Doing a reproducible experiment

Todo

This tutorial uses old versions of Batsim and scheduler, it has not been updated for Batsim’s new version (v5.0). It should still (mostly) work with appropriate changes in the command line used. Please do not hesitate to Contact us if you have any difficulties with this.

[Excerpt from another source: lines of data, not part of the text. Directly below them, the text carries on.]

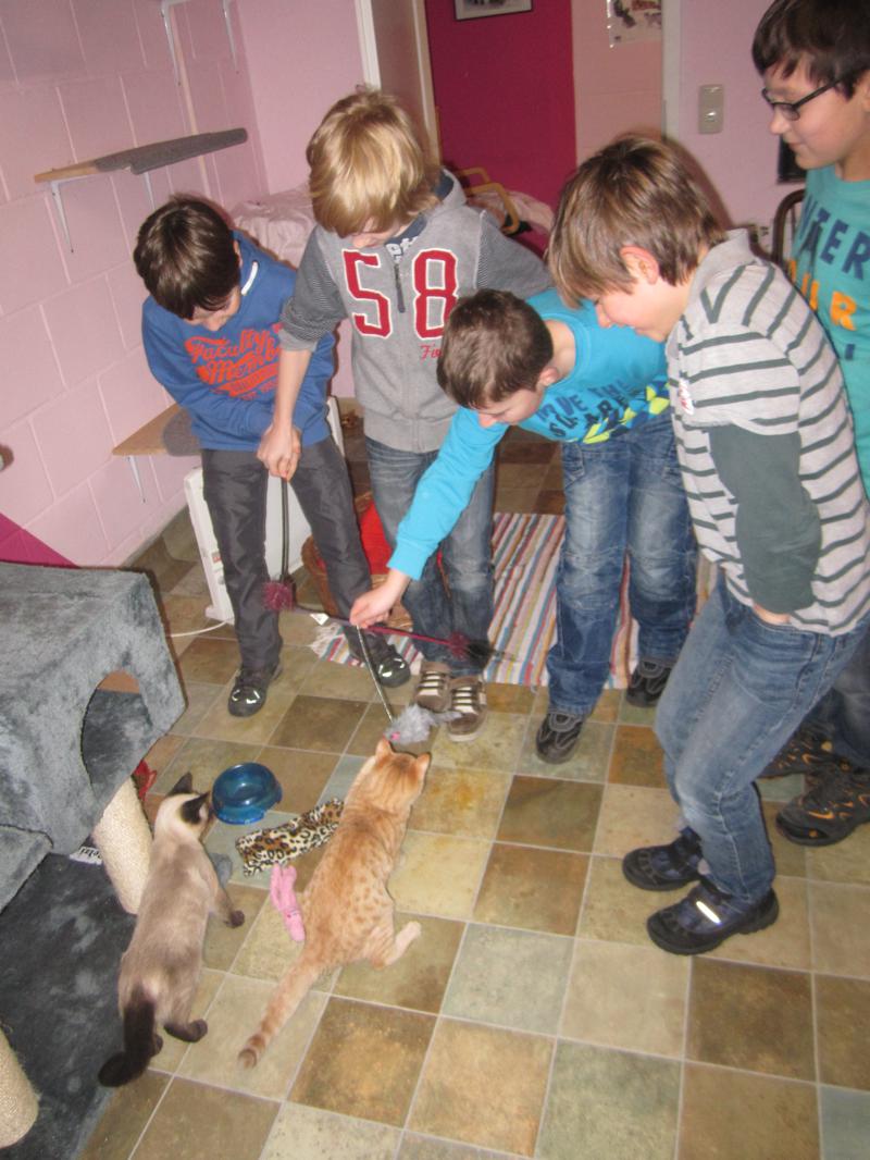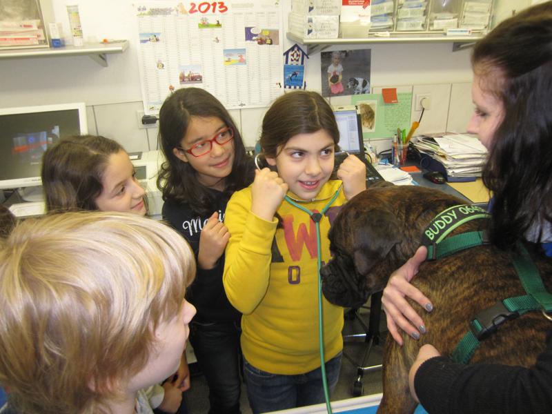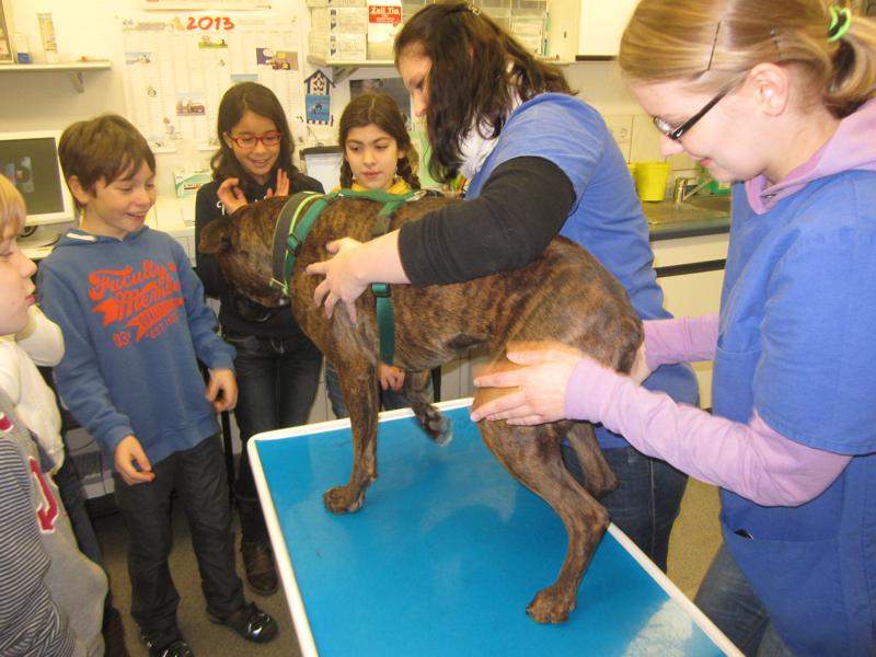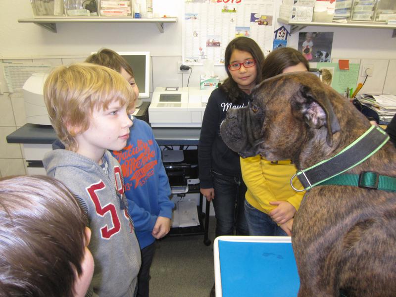 Kurz vor den Weihnachtsferien besuchten Schülerinnen und Schüler der Science-Klasse 5c mit Frau Beck und Frau Lehr die Kleintierpraxis von Frau Nicole Schmidt in Heuchelheim. Die Tierärztin erwies sich als geduldige Expertin zum „Löcher in den Bauch fragen“ über Haustiere, deren Verhalten und Krankheiten. Auch der artgerechte Umgang mit Tieren und die große Verantwortung als Haustierbesitzer wurden thematisiert. Insbesondere die 5 Monate alten Katzen in der Tieroase, in der Katzen aus Südeuropa in gute Hände vermittelt werden, stießen auf Begeisterung und der Schmuse- und Spieltrieb wurde auf beiden Seiten genossen. Nebenbei wurde viel über Katzen, deren Körperbau und besondere Sinne erfragt und erfahren. Zur Wiederholung der Säugetiermerkmale aus dem Science-Unterricht war auch Hund Buddy ein eindrucksvolles „Lebendobjekt“. Die SchülerInnen hörten dessen Herzgeräusche ab, bestaunten die Zähne des Boxers, analysierten verschiedene Röntgenbilder und erwiesen sich als neugierige „Junior Tierärzte“. Eindrücke dieses wunderbar haptischen Vormittags zeigen die Fotos.
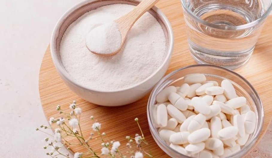 ويأتي الكولاجين في شكل مكملات غذائية دون وصفة طبية، مثل الكبسولات أو المسحوق، ويمكن أيضاً استهلاكه في الجيلاتين في الأطعمة مثل الجيلي، والمارشميلو، وجلد بعض الأسماك.ولم تحسم نتائج الدراسات جدوى تناوله بالفم، سواء بالنظام الغذائي أو عن طريق المكملات الغذائية.
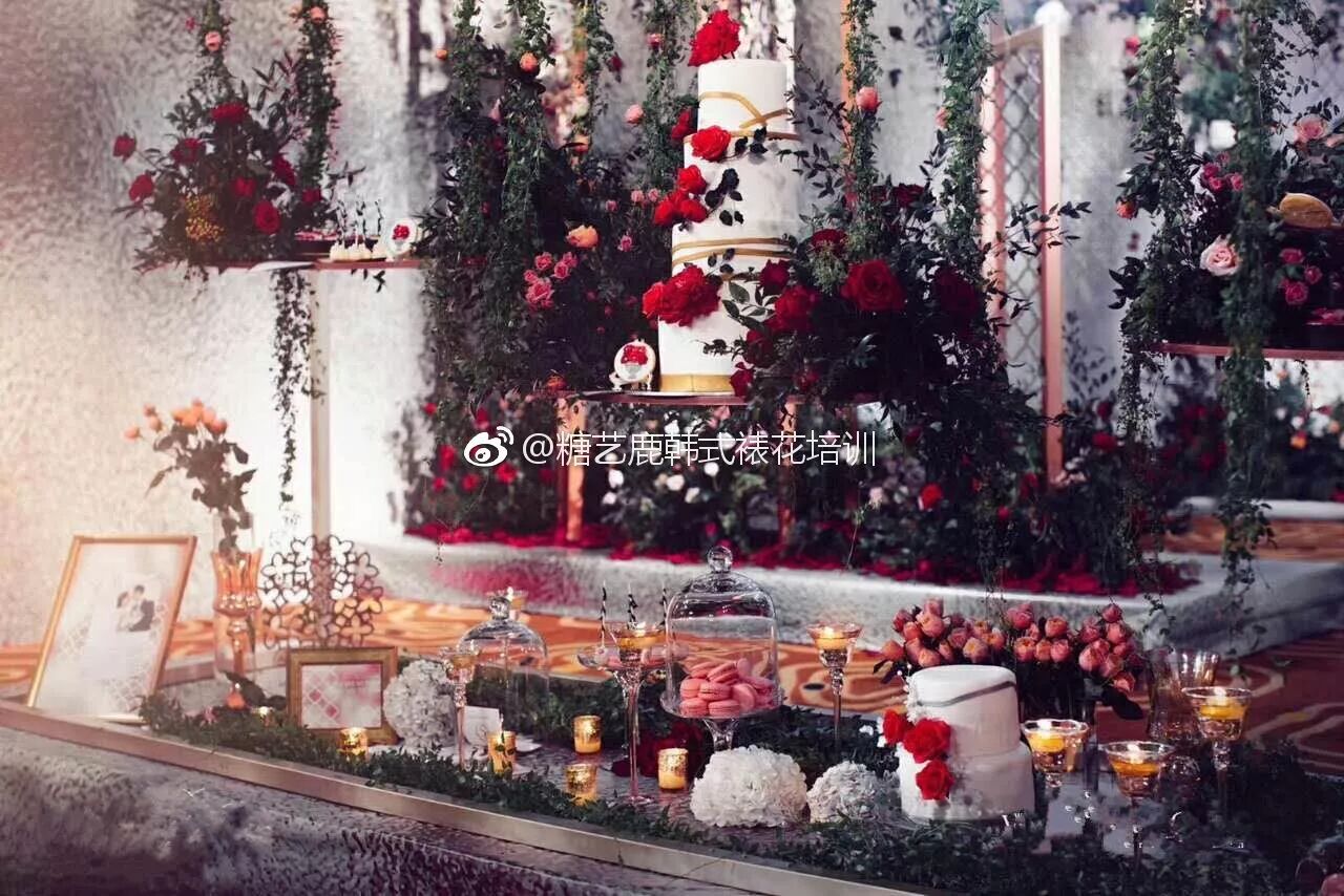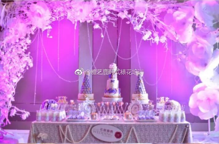 婚礼中的甜品台由很多种甜品组成,是婚礼上最甜蜜的焦点。一般是主视觉蛋糕加其他甜品。传统蛋糕和杯子蛋糕都可以作为主视觉蛋糕。也可以说,甜品台是婚礼蛋糕或者杯子蛋糕的升级版

This tutorial shows how to execute a Batsim simulation in a fully reproducible software environment thanks to the Nix package manager. Two schedulers are used here, to show how to use a specific version of batsched and pybatsim.

Prerequisites

As a small Nix knowledge is recommended, we strongly encourage readers to follow a tutorial about Nix and reproducible experiments first. This tutorial introduces main Nix concepts and focuses on those useful for reproducible experiments, lowering the entry cost in the Nix ecosystem.

Warning

This tutorial uses old versions of Batsim and scheduler. It should still work (otherwise this is a bug, please Contact us to report the issue) and the presented steps to improve the experiment repeatibility are still relevant.

However, please refer to Using Batsim from a well-defined Nix environment if you are looking for a starting environment to copy/paste for your experiment, not to these files.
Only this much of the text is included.